Die Geschehnisse des Sommers hatten anscheinend ihre Wirkung gezeigt. Salomé lächelte versonnen.
Philippe hatte viel zu verarbeiten. Immerhin hatte ihr Vater diesen Sommer Philippe und ihr einen Halbbruder, Mathieu, präsentiert und Philippe damit als Erbfolger entthront. Wobei das nicht stimmte: Mathieu zeigte keinerlei Interesse an der Bank oder dem Vermögen der de Bertrands. Oder lag es an Philippes grässlichem Unfall in der Nacht des Festes, ihn besonnener werden und reifen zu lassen? Vielleicht hatte auch das längst überfällige Gespräch, das Philippe mit Dominique geführt hatte, den entscheidenden Schalter bei ihm umgelegt.

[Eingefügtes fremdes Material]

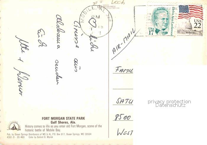 72812585 old postcard Alabama US-State Fort Morgan State Park postalisch gelaufen Erhaltung siehe scans [WerneD78] KatCode: 14140010000000
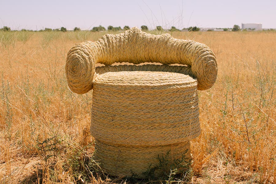 El esparto, material central del proyecto, es trabajado a mano por artesanos locales, estableciendo una alianza con la artesanía de la zona que genera nuevas oportunidades económicas en entornos rurales en riesgo de despoblación.
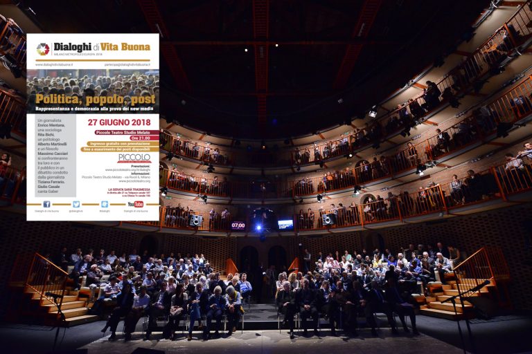 Riprendono gli appuntamenti pubblici dei Dialoghi di Vita Buona. Mercoledì 27 giugno, alle 21, presso la sede del Piccolo Teatro Studio Melato di via Rivoli 6 a Milano, è in programma la serata di riflessione e confronto che per il terzo anno propone un metodo originale per un confronto sui principali temi che animano il vivere comune.
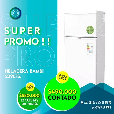Se trata de una heladera Bambi de 239 litros que tiene un valor de 490.000 pesos de contado o bien puede abonarse en 12 cuotas sin interés por un costo final de 580.000 pesos.

Als die beiden an der Tanzfläche angekommen waren, erwachte Salomé aus ihren Gedanken, und ihr wurde mit einem Male bewusst, dass sie mit Nates Freundin allein am Tisch saß. Es wäre unhöflich gewesen, nicht mit ihr zu sprechen. Sie verspürte allerdings nicht die geringste Lust dazu. Sie hatte inzwischen mitbekommen, dass Ivana ein berühmtes Amandas Secrets -Model war, was bedeutete, den Olymp im Modelhimmel erreicht zu haben. Eine Sache interessierte Salomé an ihr allerdings doch. Sie überlegte gerade, wie sie Ivana geschickt darüber aushorchen könnte, wie lange sie denn schon mit Nate zusammen war, als eine tiefe Stimme hinter ihr erklang.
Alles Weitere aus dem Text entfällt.